Whipping cream was gone “for the duration,” promised one story in the Bangor Daily News that day, while another reported that home heating oil rations would be cut yet again. Local movie theaters would do their part by converting to coal, said C.J. Russell Sr., manager of M & P Theatres, which operated the Bijou, the Opera House and the Park Theatre.
“The three theatres used over 48,000 gallons of fuel last year,” Russell pointed out. “And we felt the people of Bangor are entitled to all the fuel for heating that they can possibly get.”
Fewer out-of-town visitors were anticipated, the NEWS said, but three pages were full of names of relatives and friends whom readers were preparing to entertain that day. One of the pages was ornamented with a poem by local writer Clarine Coffin Grenfell.
That week, there had been the usual Thanksgiving activities at schools, including a program at Milford Grammar School organized by Miss June Tedesco. Jeanne Helen Spruce and Albert Dunn each read a portion of “First Thanksgiving.” Then, by candlelight, pupils brought forward food and vegetables for a Thanksgiving basket, and said prayers for families in need and for “men in the armed forces.”
At Hammond Street Congregational Church, the Bangor-Brewer Council of Churches conducted a Thanksgiving community service Wednesday, and on Thanksgiving night the Hebrew Community Center would offer a harvest cabaret.

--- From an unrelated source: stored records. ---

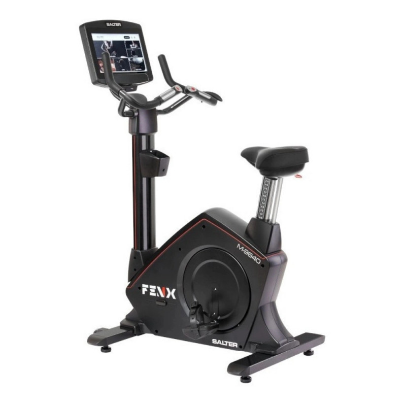 Bicicleta verticală FENX de la Salter este un aparat cardio comercial de înaltă performanță pentru săli sau utilizare profesională. Structură solidă din oțel armat, ecran tactil 16″ conectabil la aplicații precum FIT RECORD®, STRAVA® sau Trainingym® şi greutate maximă utilizator 180 kg. Soluția completă pentru antrenamente eficiente și monitorizare inteligentă.SPECIFICATII TEHNICE- Structură din oțel armat extrem de rigidă.@- Tratament prin cataforeză pentru a evita problemele de oxidare a structurii.@- Scaun de mare confort cu spumă respirabilă de înaltă densitate.@- Înălțime a scaunului reglabilă prin piston cu gaz. Cu acest sistem utilizatorul poate regla înălțimea scaunului în timp ce stă pe scaun.@- Ghidon anatomic cu plăcuțe de susținere reglabile.@- Mânere antialergice.@- Butoane de acces rapid (+/-) pe ghidon care permit utilizatorului să modifice confortabil rezistența de lucru în timpul exercițiilor.@- Măsurarea pulsului prin senzori de contact încorporați în ghidon pentru o citire confortabilă și imediată a pulsului.@- Măsurarea pulsului prin intermediul unui sistem de senzori fără fir inclus în panoul de afișaj (centura nu este inclusă). Acest sistem vă permite să vă monitorizați confortabil ritmul cardiac în timpul exercițiilor fizice de intensitate ridicată.- Ecran tactil de 16” cu conectivitate completă la ecosistemul SALTER Ecosistem: acces la aplicația FIT RECORD®, acces la S CLOUD®, compatibil cu TRAININGYM și STRAVA...@- Mai multe limbi disponibile.@- Personalizarea ecranului principal cu logo-ul unității.@- Multiple opțiuni disponibile: pornire rapidă, 7 programe predefinite, 4 programe HRC, programul Watts, programe pe obiective, plimbări virtuale, teste fizice, etc.- Multimedia cu acces la aplicații de divertisment cum ar fi Youtube, Spotify, Google, Netflix, etc.- Televiziune fără cablu (IPTV).@- Funcție Mirror Cast.@- Compatibil cu căștile fără fir.@- Acces la nivel de utilizator la toate antrenamentele efectuate prin aplicația FIT RECORD® App.@- Manager de activitate: toate informațiile privind utilizarea echipamentelor este disponibilă la instalarea acestora.@- Suport pentru tabletă pe panoul de control.@- Suport pentru sticle.@- Stabilizatoare reglabile.@- Roți spate pentru deplasare ușoară.@- Greutatea maximă a utilizatorului: 180 kg.@- Dimensiuni: 71 x 71 cm: 119 x 71 x 149 cm.@- Intrare : 220 V / 50-60 Hz / 1,0 A MAX.@- Ieșire : 12,0 V / 3,0 A / 36,0 W@- Utilizare comercială.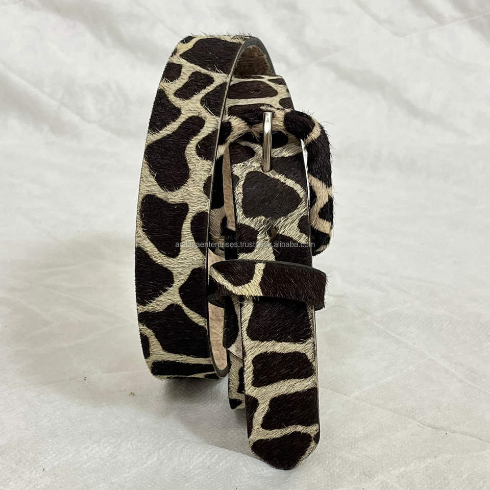 เข็มขัดผู้หญิงตะวันตกทำผมพิมพ์ลายสัตว์ใหม่งานแฮนด์เมด100% หนังแท้สไตล์ Boho ขนสัตว์เข็มขัดหัวเข็มขัดสำหรับกางเกงยีนส์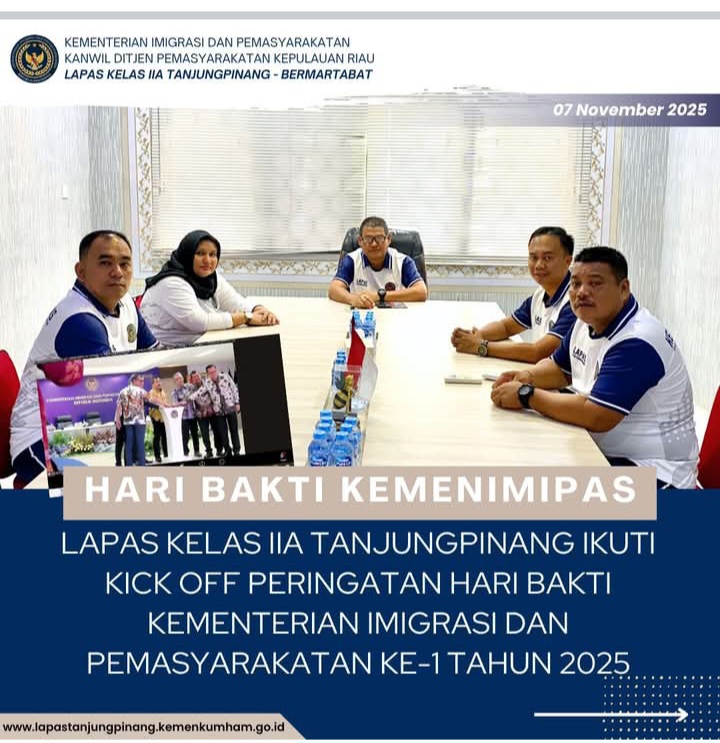 Beritabintan.co.id, Bintan (Kepri)- Lembaga Pemasyarakatan Kelas IIA Tanjungpinang mengikuti kegiatan Kick Off Peringatan Hari Bakti Kementerian Imigrasi dan Pemasyarakatan (Kemenimipas) Ke-1 Tahun 2025 yang dilaksanakan secara virtual. Kegiatan ini merupakan tindak lanjut dari Keputusan Menteri Imigrasi dan Pemasyarakatan Nomor MIP-HK.03.02-78 Tahun 2025 tentang Penetapan Hari Lahir Kemenimipas yang ditetapkan pada 19 November 2025, Jumat (07/11/2025).

Then, too, there was all the dancing a person could want that week. On Thanksgiving Eve, some 2,500 people had attended the Firemen’s Ball at the Bangor Auditorium on Main Street. Thursday night, dancers chose among holiday balls at the Chateau in Bangor; in Levant “9 miles out Union Street;” and at the Roseland on Central Street, where admission was 27 cents plus tax 3 cents.
Thanksgiving night was just the start for the Chateau. The ballroom would follow up with a barn dance on Friday, and “modern dance” on Saturday.
Newspaper ads promised “Freese’s Merry Christmas Land” at the well-known department store on Main Street, but a “V for Victory” sign on the building indicated another holiday season shadowed by war.
It was a holiday season when waiting for mail was as important as receiving it, and many a parent, receiving a longed-for letter and picture of a son so far from home, would send it on to the newspaper for inclusion in the column, “That Old Gang of Mine …”
The note that ran above the front-page banner on Thanksgiving Day 1942 resonates 60 years later: “America has more than usual to be thankful for this Thanksgiving – more to be thankful for than the bountiful crops, the good health, the freedom of worship we usually stress. This year we are thankful for the things that will insure thankfulness in the future.”